### [Action item]
Images excepted, the data below must be repeated exactly.
*-*-*
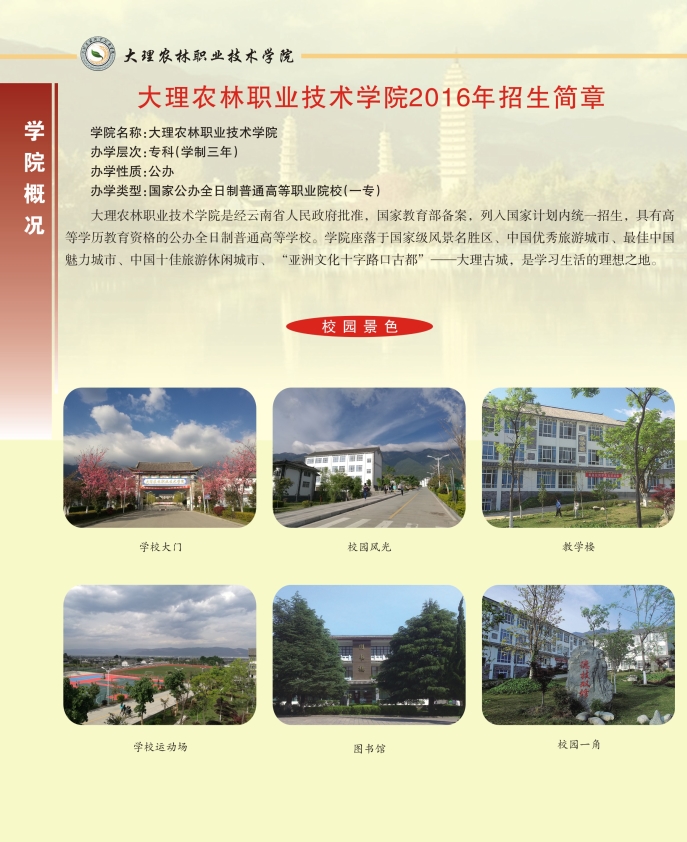 大理農(nóng)林職業(yè)技術(shù)學(xué)院2016年招生簡(jiǎn)章
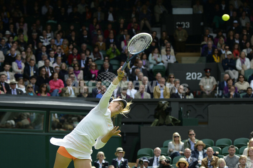 サーブを放つマリア・シャラポワ(2013年6月24日撮影)。(c)AFP/ADRIAN DENNIS
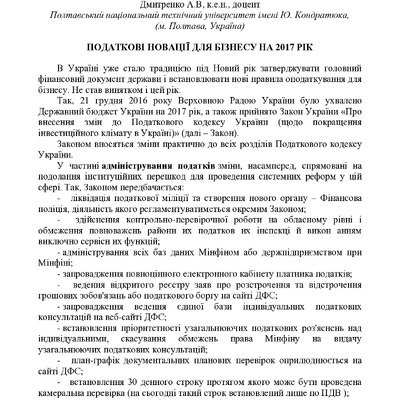 Стаття 2021/05/07Податкові новації для бізнесу на 2017 рік
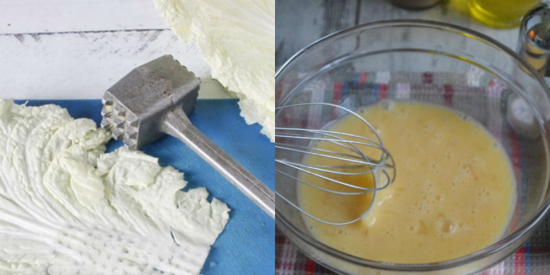 Jajka wbij do miski, dopraw solą i pieprzem, a następnie dokładnie wymieszaj. Do jajek dodaj mąkę i dokładnie połącz w gładką masę. Rozdziel liście kapusty pekińskiej usuwając głąb. Liście rozbij tłuczkiem do mięsa.
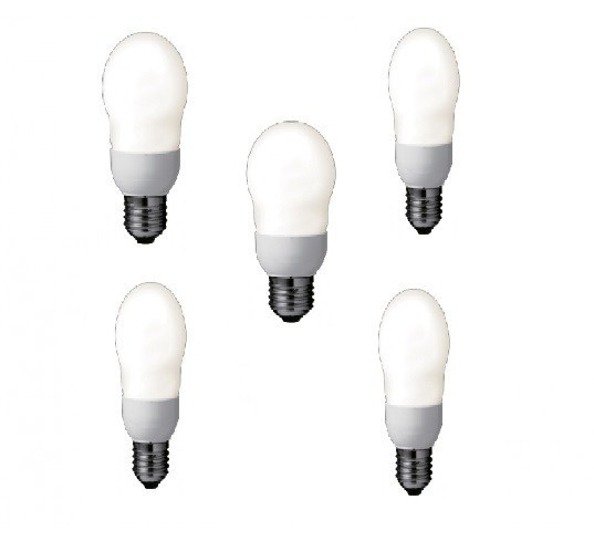 SET 5 becuri fluorescent Panasonic, soclu E27, putere 8W, forma oval, lumina alb calda, alimentare 220 - 240 V, "EFA8E27HD-5" (timbru verde 2.25 lei)
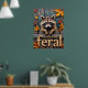 This charming painting features a racoon with detailed brown and white fur and a curious expression, perched on a weathered wooden picket fence. Bright yellow and orange autumn leaves are scattered around the fence and drift down from above. The text "Cute but FERAL" is boldly displayed in white and orange letters on the fence itself.
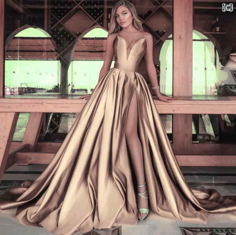 ・カテゴリ: ウェディングドレス ・対象: 大人 ・性別: 女性 ・主な素材: ポリエステル 約80%〜90% ・ネックライン: 深Vネック ・袖丈: ノースリーブ ・丈: ロング ・ウエスト: ミドル ・スカートシルエット: ショートトレーン ・特徴: ファスナー ・カラー展開: レッド, グリーン, ゴールド, 紺, ブルー ・サイズ展開: S, M, L, XL, XXL, XXXL
*-*-*
### [Response to the task]
 大理農(nóng)林職業(yè)技術(shù)學(xué)院2016年招生簡(jiǎn)章
 サーブを放つマリア・シャラポワ(2013年6月24日撮影)。(c)AFP/ADRIAN DENNIS
 Стаття 2021/05/07Податкові новації для бізнесу на 2017 рік
 Jajka wbij do miski, dopraw solą i pieprzem, a następnie dokładnie wymieszaj. Do jajek dodaj mąkę i dokładnie połącz w gładką masę. Rozdziel liście kapusty pekińskiej usuwając głąb. Liście rozbij tłuczkiem do mięsa.
 SET 5 becuri fluorescent Panasonic, soclu E27, putere 8W, forma oval, lumina alb calda, alimentare 220 - 240 V, "EFA8E27HD-5" (timbru verde 2.25 lei)
 This charming painting features a racoon with detailed brown and white fur and a curious expression, perched on a weathered wooden picket fence. Bright yellow and orange autumn leaves are scattered around the fence and drift down from above. The text "Cute but FERAL" is boldly displayed in white and orange letters on the fence itself.
 ・カテゴリ: ウェディングドレス ・対象: 大人 ・性別: 女性 ・主な素材: ポリエステル 約80%〜90% ・ネックライン: 深Vネック ・袖丈: ノースリーブ ・丈: ロング ・ウエスト: ミドル ・スカートシルエット: ショートトレーン ・特徴: ファスナー ・カラー展開: レッド, グリーン, ゴールド, 紺, ブルー ・サイズ展開: S, M, L, XL, XXL, XXXL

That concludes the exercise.